Hiç unutmam rahmetli Kamile ninemiz vardı. Evi, evimizin hemen yanındaydı. Bir gün bayram şekeri almaya vardım. “Elini öpeyim” diye bağırmama rağmen bir türlü çıkmadı. Çocuk olmama rağmen kızmaya başladım. O anda odadan çıkıp bize şekerlerimizi verdi. Tam ayrılacakken Kamile ninenin elindeki şeker tabağına vurup, tabak ve şekerler havada uçuşmuştu. O andan çocuk olmam nedeniyle büyük mutluluk hissettim. Kamile ninenin bağırmalarına aldırış etmeden havada uçan şekerleri kapıp yola devam etmiştim.
Sözün özü her geçen gün geride bıraktığımız bayramları özlüyor ve arıyoruz. Türk milleti olarak barış ve huzur içersinde nice bayramlar diliyorum.
HADİ ORDAN
Bayram öncesi 15 askerimizin “Onun bunun çocukları” tarafından şehit edilmesi hepimizin sinirlerini bozdu, milyonları gözyaşına boğdu. Milyonlar “Bir kaç çapulcuya haddini neden bildirmiyoruz” diye sordu kendi kendine. Sonra “Ermeni soykırımı” iddiası atıldı. Kafalarımız iyice allak bullak oldu.

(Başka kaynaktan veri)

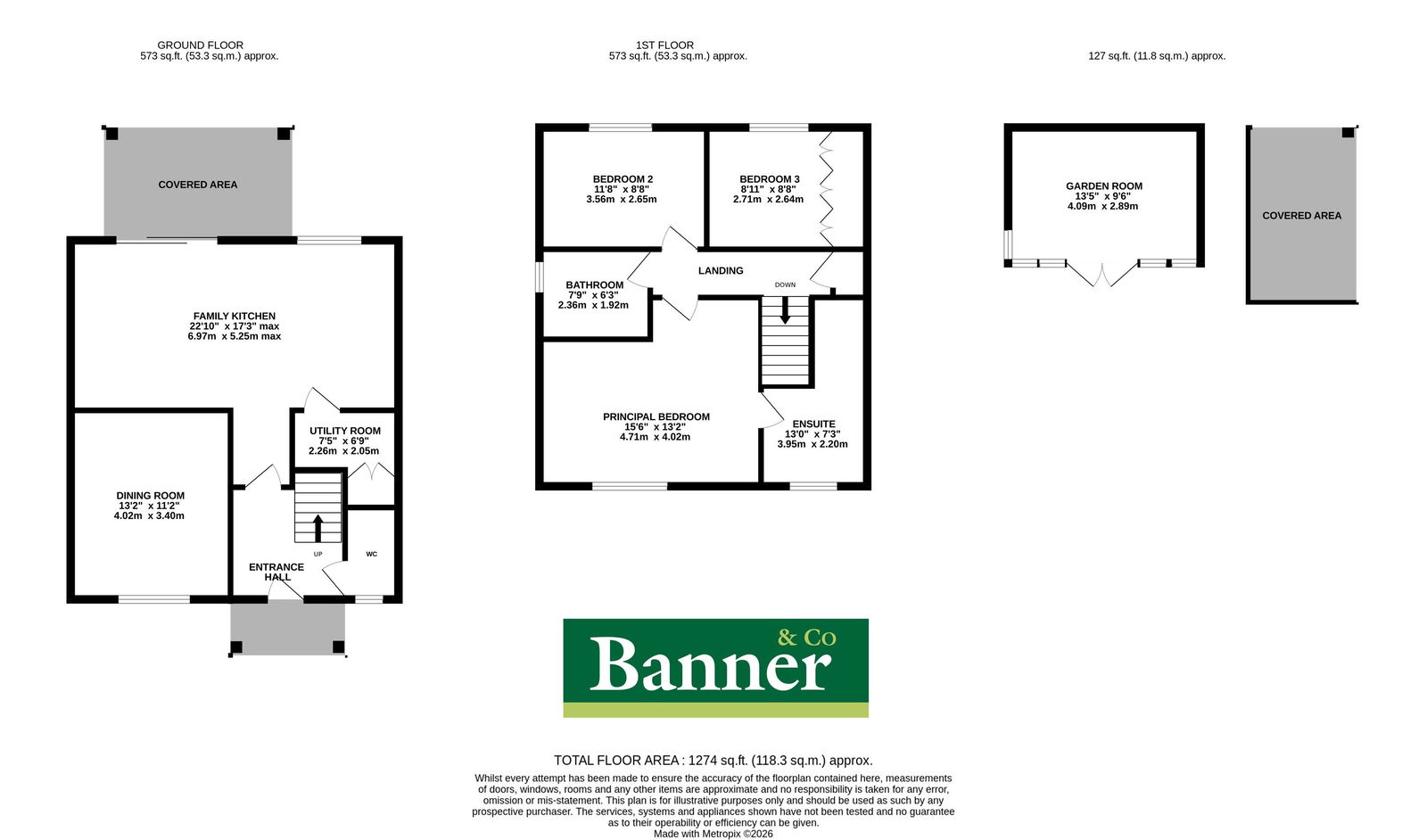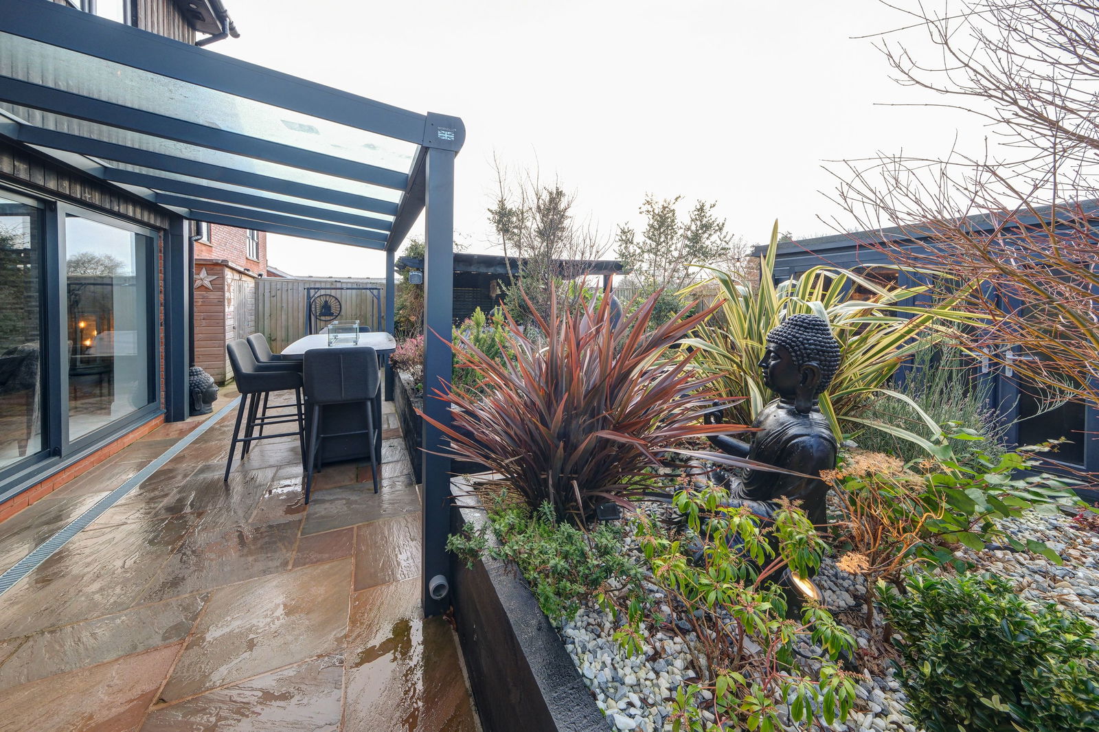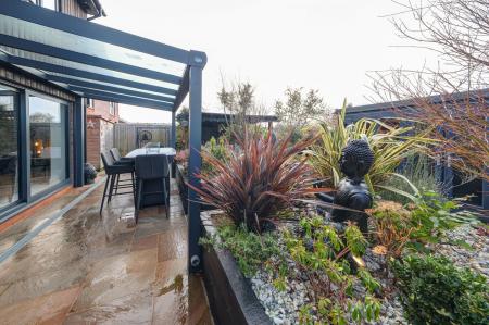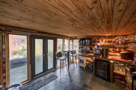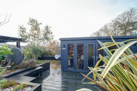 - Landscaped rear garden with composite decking, covered seating areas and garden room
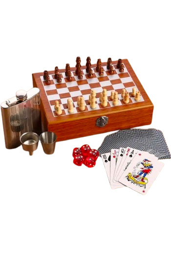 3470682 Набор 6 в 1: фляжка 8 oz, рюмка, воронка, кубики 5 шт, карты, шахматы
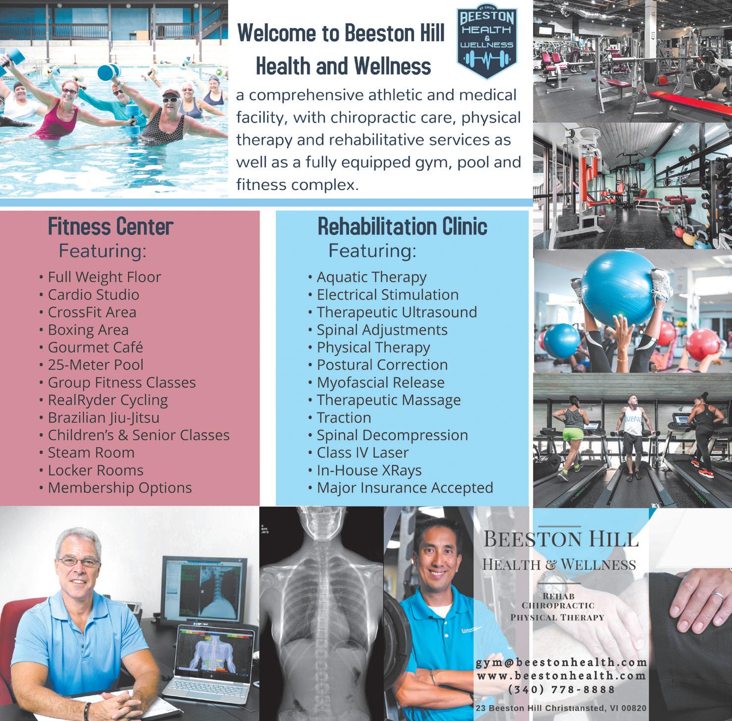knee pain as well as follow up and wellness services. The Fitness Center features weight floor, cardio studio, outdoor boxing area, CrossFit area, battle ropes, 25-meter pool, steam room, and stretching areas, plus group fitness classes to help you reach your body goals. Aesthetic beauty and nonsurgical body slimming treatments including massage, eyelash extensions, facials, laser hair removal, laser lipo, cellulite treatments, personal training, and weight loss coaching is also available by appointment. Let your transformation begin! beestonhealth.com
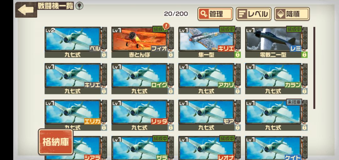 37245的战斗力,编队是系统自动的,现在推图基本打不过。每日刷飞机装备和松饼的关卡只能打得过初级。飞机没法造,没有工具,困难图打不过。。。唯一的四星就是女主,签到七天白给的,战斗力全是她撑起来。剩下的都是十连抽的一星,都是二十级的。在弃坑的边缘徘徊
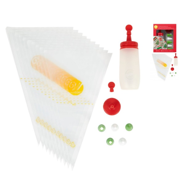 Home Bicos e Sacos de Pasteleiro Kit decoração Bolachas Wilton Kit decoração Bolachas Wilton 4 unidades em stock | SKU: 409-0-0011 15,90 € Desconto de %. IVA incluído. Comprar Contactar Adicionar à wishlist 5 boquilhas (#002, #012, #018, #005, #032) 10 sacos descartáveis 30cm 1 garrafa com 2 boquilhas
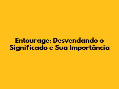Entourage: O Que Significa E Por Que É Importante?
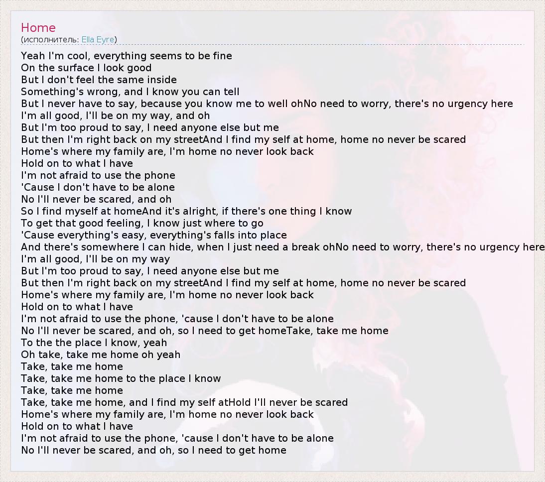 No I'll never be scared, and oh, so I need to get homeTake, take me home
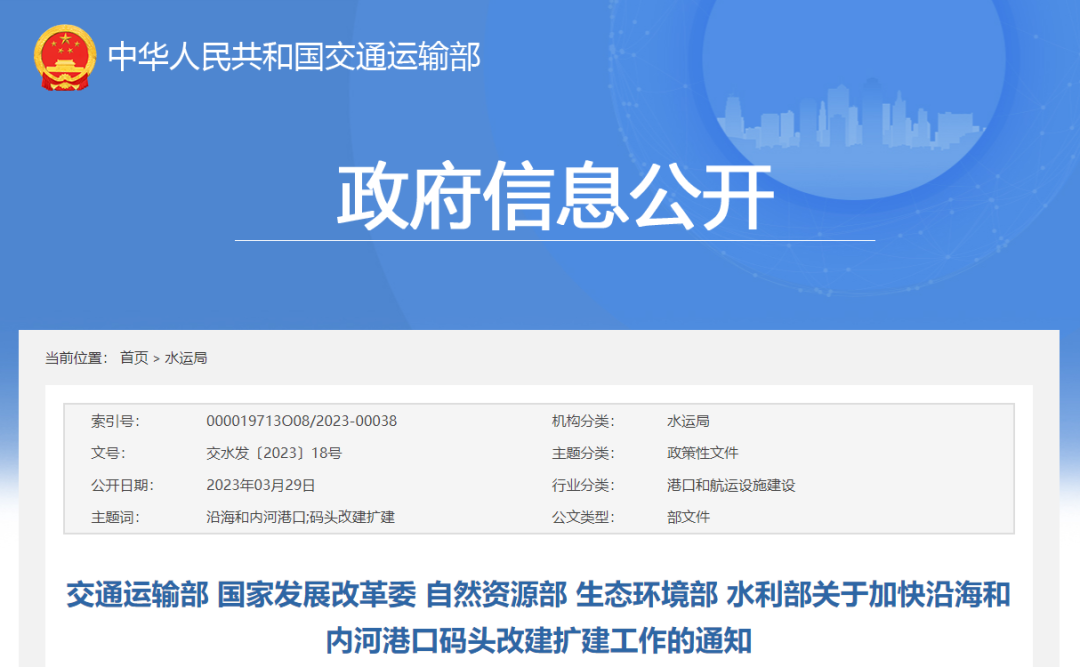 交通運輸部 國家發展改革委 自然資源部 生態環境部 水利部關于加快沿海和內河港口碼頭改建擴建工作的通知交水發〔2023〕18號
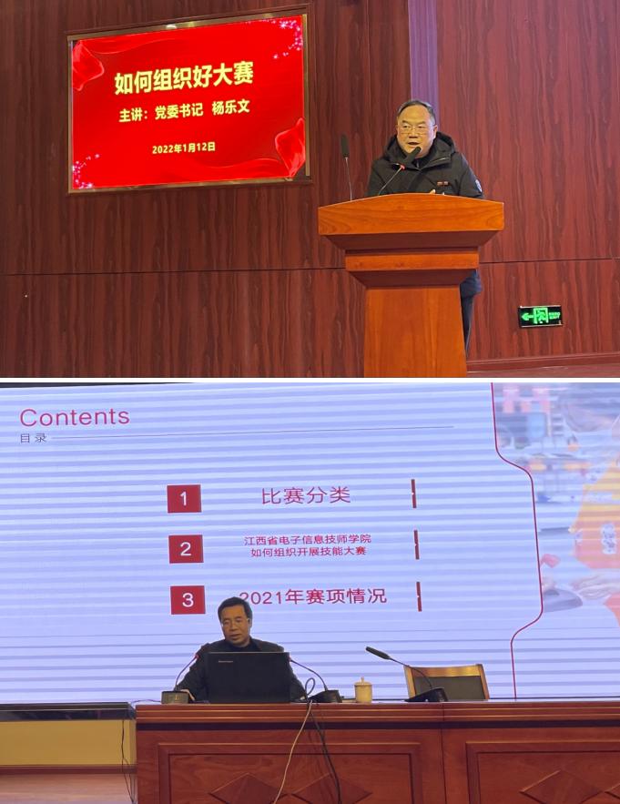 当天下午,学院党委书记杨乐文就如何组织大赛作专题讲座。杨书记从比赛分类、兄弟院校如何组织开展技能大赛和2021年赛项情况三个方面作了系统全面、深入浅出的讲解。杨书记提出“四个覆盖,四个延伸”的工作要求,即覆盖所有专业(工种),覆盖所有老师,覆盖所有学生,覆盖所有核心素养;由学生竞赛向教师竞赛延,由单一技能竞赛向能力素质类竞赛延伸,由教学活动向全面育人活动延伸,由看到成绩向发展问题延伸。杨书记独到的职教理念得到了与会老师们的高度认同。
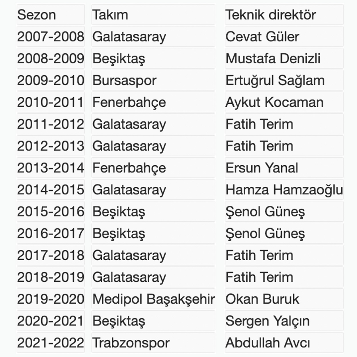 Süper Lig’de 2006-2007 sezonundan sonra şampiyonluk yaşayan takımlar ve teknik direktörler şunlar:
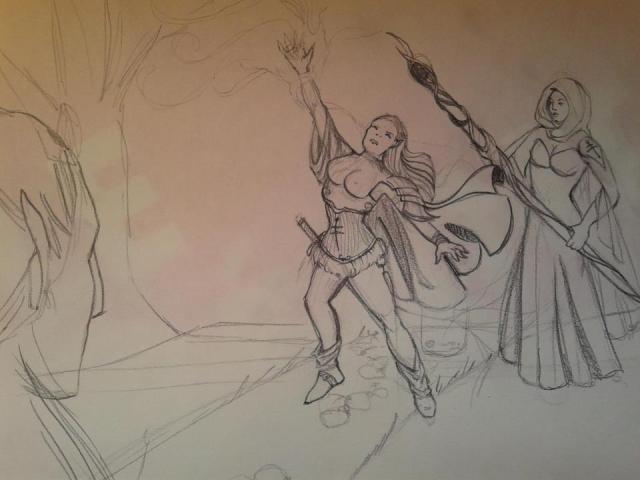 Just a really stupid sketch i drew in 4 minutes… it’s full of mistakes… i was thing to two female, one half elf, and the other human… the first is a sorceress, and the second a wizard. I guess i’ll draw another sketches about them… writing a short story inspired in the lands of the forgotten realms… You can use it if you want.
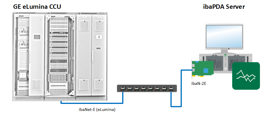 Die ibaN-2E-Karte im ibaPDA-Serverrechner ist mit einem geeigneten Anschluss auf der eLumina CCU verbunden.

Bize çamur atanlar şöyle yüzkarası tarihlerine iyi bakmalılar.
ABD Temsilciler Meclisi Dış İlişkiler Komitesi “Ermeni soykırımı”nı kabul etmekle acaba geçmişte yaşadıkları ve hala yaşattıkları insanlık dışı olayları ört bas mı edecekler?
1915 yıllarda yaşanan olaylarını bugün önümüze getiren ABD acaba kendi kirli geçmişini hiç düşünmüyor mu? Milyonlarca Kızılderililiyi katleden Amerika için fazla uzağa gitmeye gerek yok.”Demokrasi” getirme bahanesi ile 2003’te Irak’ı işgal edip 4 yılda 1 milyon 200 bin sivili öldüren bu Amerika’dır. Bu arakam 800 bin kişinin öldüğü raunda soykırımından çok daha fazla idi.
Amerikanın yaptıkları karşısında acaba soykırımı kim yaptı sorusu aklımıza geliyor?
Iraktaki Amerikan vahşeti, insan hakları savunucusu kesilen Amerikanın Ebu Garip cezaevinde yaptığı işkenceler hala hafızlarımızda.
1915’te büyük acılar yaşandı. O zaman Ermeni de Türk de bu vatanın evladıydı. Oysa Amerika kendi yurdundan binlerce kilometre uzaklıkta vahşetine devam ediyor. İnsanlara işkence ediyor, cesetlere bile yapmadığını bırakmıyor. Ve kalkıyor bize insanlık dersi vermeye kalkışıyorlar.
Bizler onlara ancak buradan “Hadi ordan” diyebiliyoruz.